Revisiting Iterative Back-Translation from the Perspective of Compositional Generalization

Authors: Yinuo Guo, Hualei Zhu, Zeqi Lin, Bei Chen, Jian-Guang Lou, Dongmei Zhang7601-7609

AAAI 2021 | Conference PDF | Archive PDF | Plain Text | LLM Run Details

Reproducibility Variable Result LLM Response
Research Type Experimental We first empirically show that iterative back-translation substantially improves the performance on compositional generalization benchmarks (CFQ and SCAN). ... Our experiments are also conducted on these two benchmarks. ... We report the experimental results in Table 1 (SCAN) and 2 (CFQ).
Researcher Affiliation Collaboration 1Key Laboratory of Computational Linguistics, School of EECS, Peking University, 2School of Computer Science and Engineering, Beihang University 3Microsoft Research Asia
Pseudocode Yes Algorithm 1 Iterative Back-Translation ... Algorithm 2 Curriculum Iterative Back-Translation
Open Source Code No The paper states: 'We implement iterative backtranslation based on the code of UNdrea MT1 (Artetxe et al. 2018).' and provides a link to the UNdrea MT1 GitHub repository (https://github.com/artetxem/undreamt). This is code for a third-party tool they used, not their own specific open-source implementation of the methodology described in this paper.

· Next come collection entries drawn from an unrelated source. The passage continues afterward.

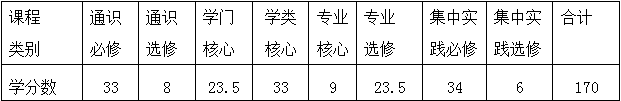 五、课程设置及学分分布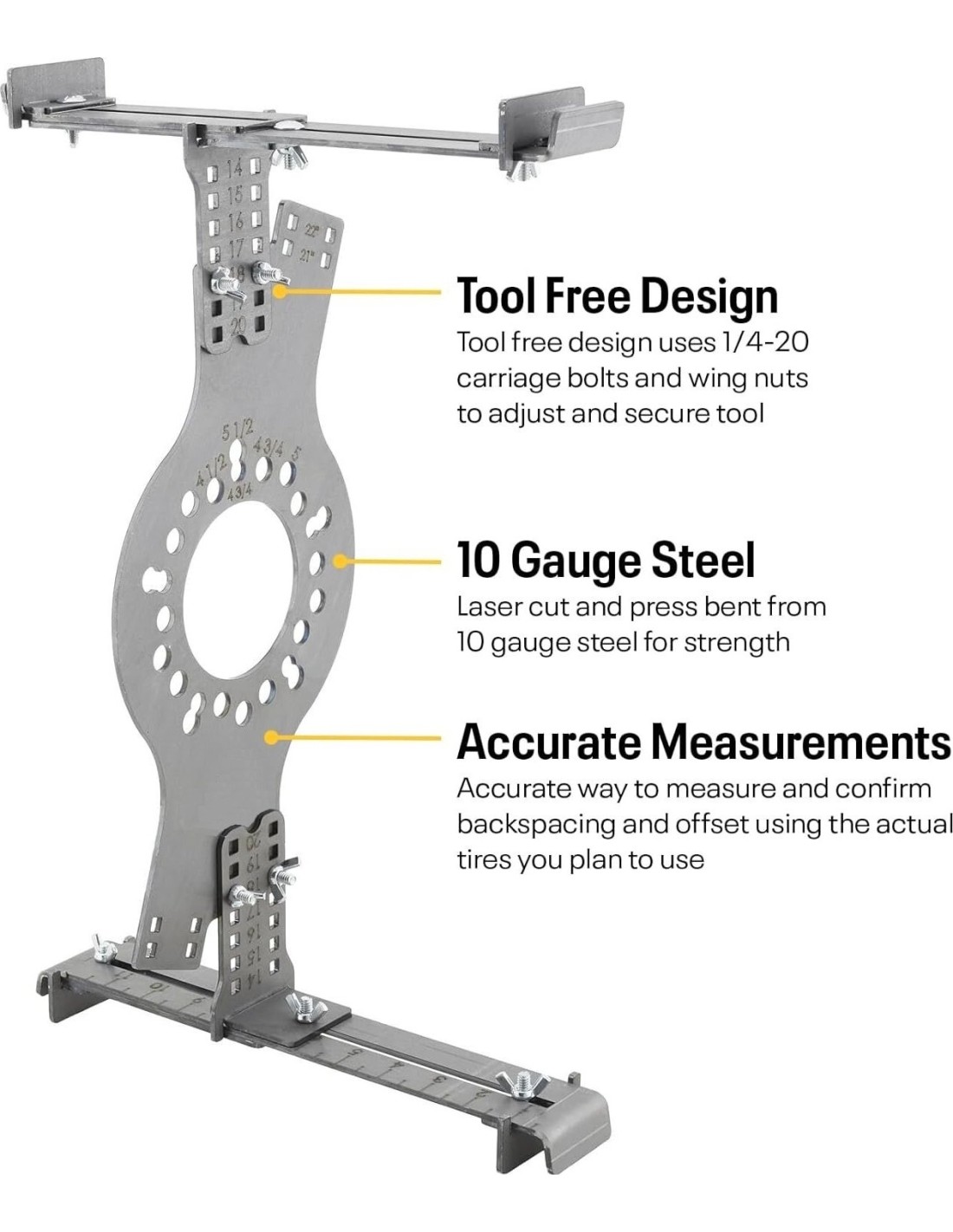 Ratlankių montavimo įrankis pagamintas iš 10 dydžio plieno ir lazeriu išgraviruotas su atitinkamais matavimo taškais. Ratų matavimo įrankis yra daug tvirtesnis nei rinkoje esantys plastikiniai modeliai (kurie nenaudoja tikros padangos) ir yra daug pigesnis nei modeliai, pagaminti iš lieto aliuminio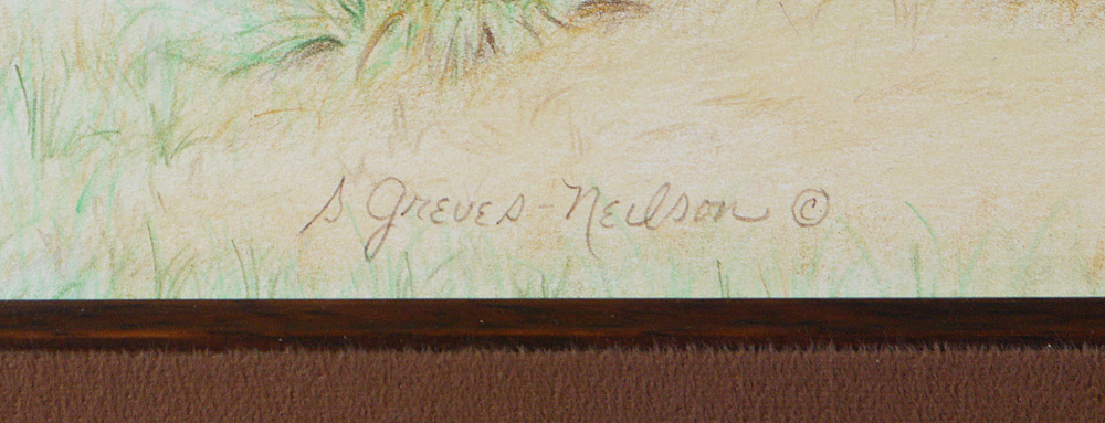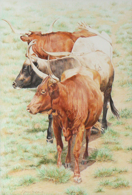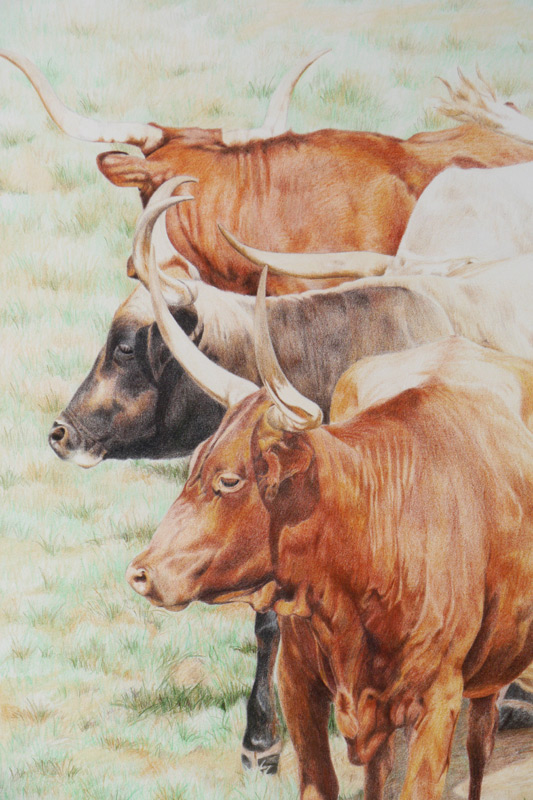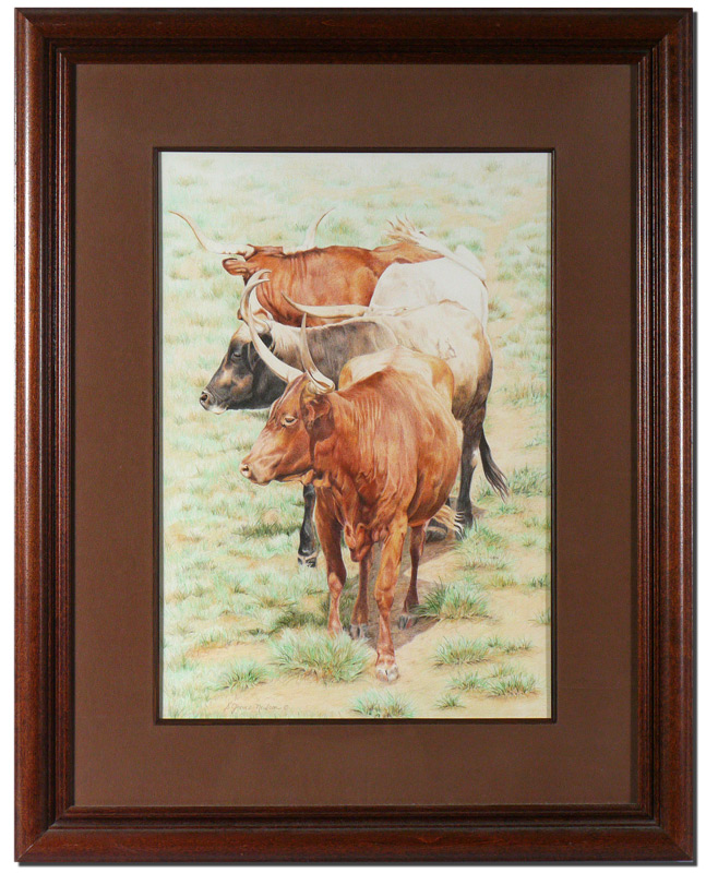 GREVES-NEILSON, Sherie, (American, 20th Century): ''Longhorns, III'', Colored Pencil, Sight size 19 1/2'' x 13 1/2'', pencil signed lower left, labeled verso, encased in a wooden frame 29 1/2'' x 23 1/2''.

Open Datasets Yes Two benchmarks, SCAN (Lake and Baroni 2018) and CFQ (Keysers et al. 2020), have been proposed for measuring the compositional generalization ability of different machine learning-based NLU systems. Our experiments are also conducted on these two benchmarks.

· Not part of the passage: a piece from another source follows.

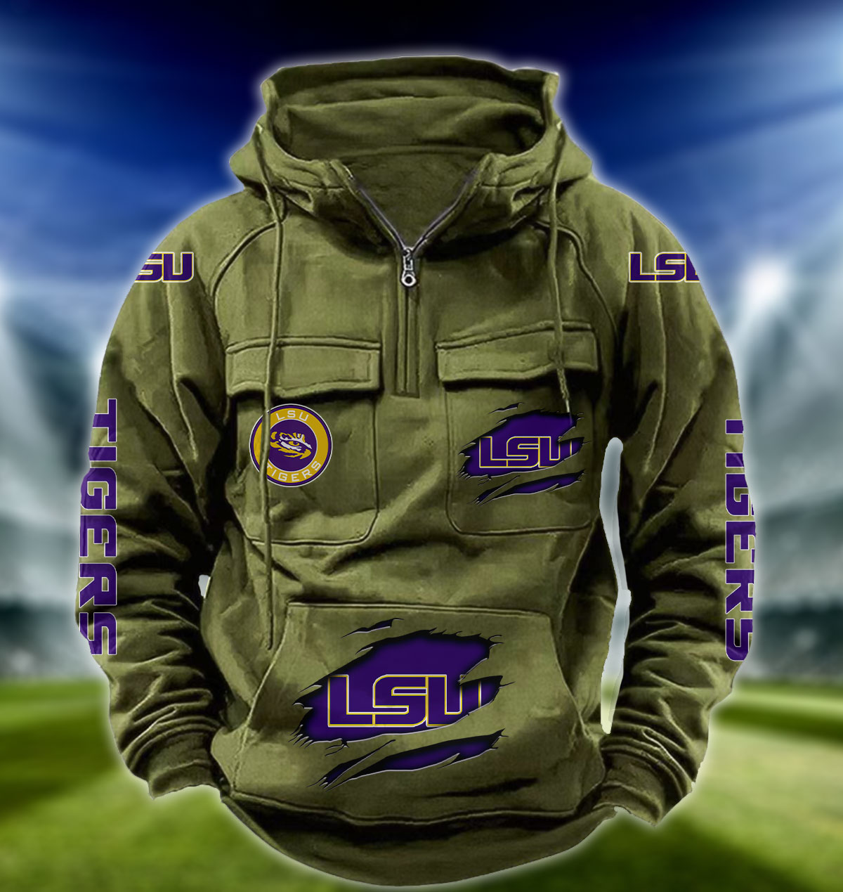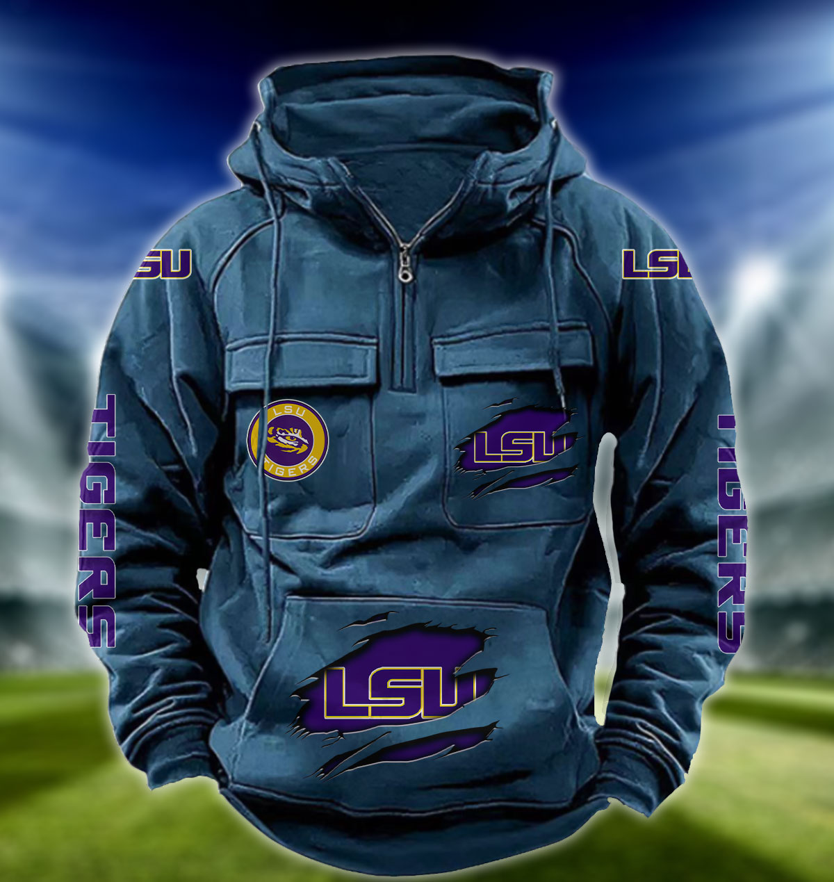 ZNCAA LSU Tigers – Football Men’s Zip-Up Hoodie – Custom Name

Dataset Splits No For SCAN, the paper states: 'we randomly hold out half of the original test data as the dev data'. For CFQ, it states 'CFQ dataset is splitted into train and test sets based on two principles' but does not specify a distinct validation (dev) split for CFQ data used in their experiments. Therefore, complete, explicit train/test/validation splits are not provided for all experimental datasets.
Hardware Specification No The paper does not provide specific details regarding the hardware used for running the experiments, such as CPU or GPU models, memory, or cloud computing specifications.

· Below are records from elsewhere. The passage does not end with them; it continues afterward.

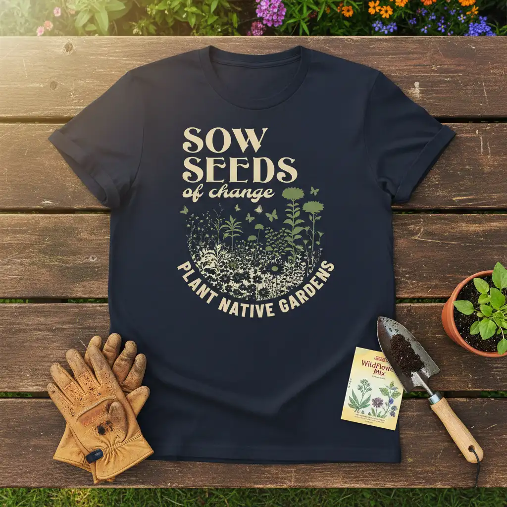 The “Sow Seeds of Change” message on this shirt highlights the simple yet powerful act of planting. It suggests that every seed sown, every garden cultivated, contributes to a larger movement of positive environmental transformation. It’s an invitation to participate in creating change, one native plant at a time.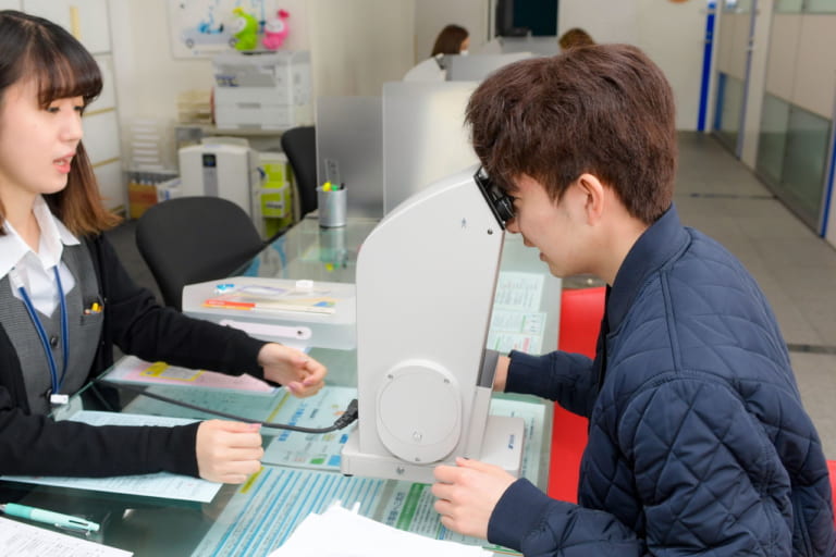 入校手続き時には、まず視力検査を受ける。竜太郎さんは余裕でクリア。まずはちょっと安心!?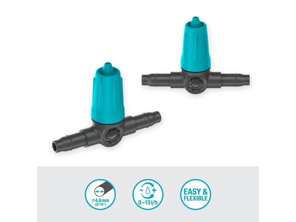 Lze jej použít ve spojení s 4,6 mm rozdělovací trubkou k optimálnímu zalévání řad rostlin v květináčích a záhonů s různými požadavky na vodu.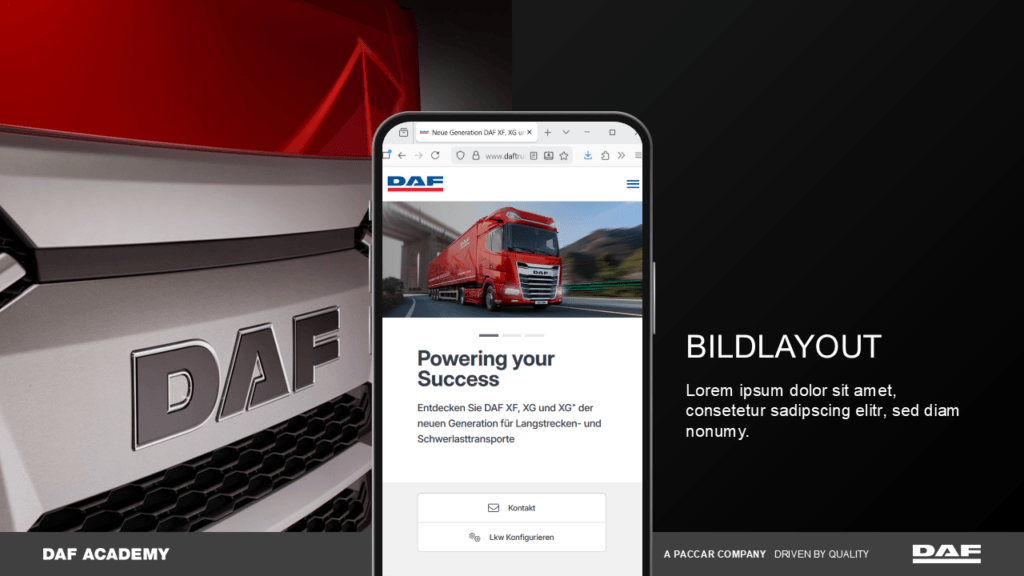 Für DAF sollte ein neues Grundgerüst für Schulungspräsentationen geschaffen werden, das von unterschiedlichen Referenten genutzt werden.

Software Dependencies No The paper mentions that they implemented their work 'based on the code of UNdrea MT1', but it does not specify any version numbers for core software dependencies like Python, PyTorch/TensorFlow, CUDA, or other relevant libraries used in their experimental setup.
Experiment Setup Yes For CFQ, we use a 2-layer GRU encoder-decoder model equipped with attention. We set the size of both word embedding and hidden states to 300. We use a dropout layer with the rate of 0.5 and the training process lasts 30000 iterations with batch size 128. For SCAN, we also use a 2-layer GRU encoder-decoder model with attention. Both of the embedding size and hidden size are set to 200. We use a dropout layer with the rate of 0.5 and the training process lasts 35000 iterations with batch size 64. We set K = 5000 steps in Algorithm 1 for both CFQ and SCAN benchmarks. ... We evaluate the performance of curriculum iterative back-translation with varying c (the number of steps each stage should be trained): 2000/2500/3000/3500/4000.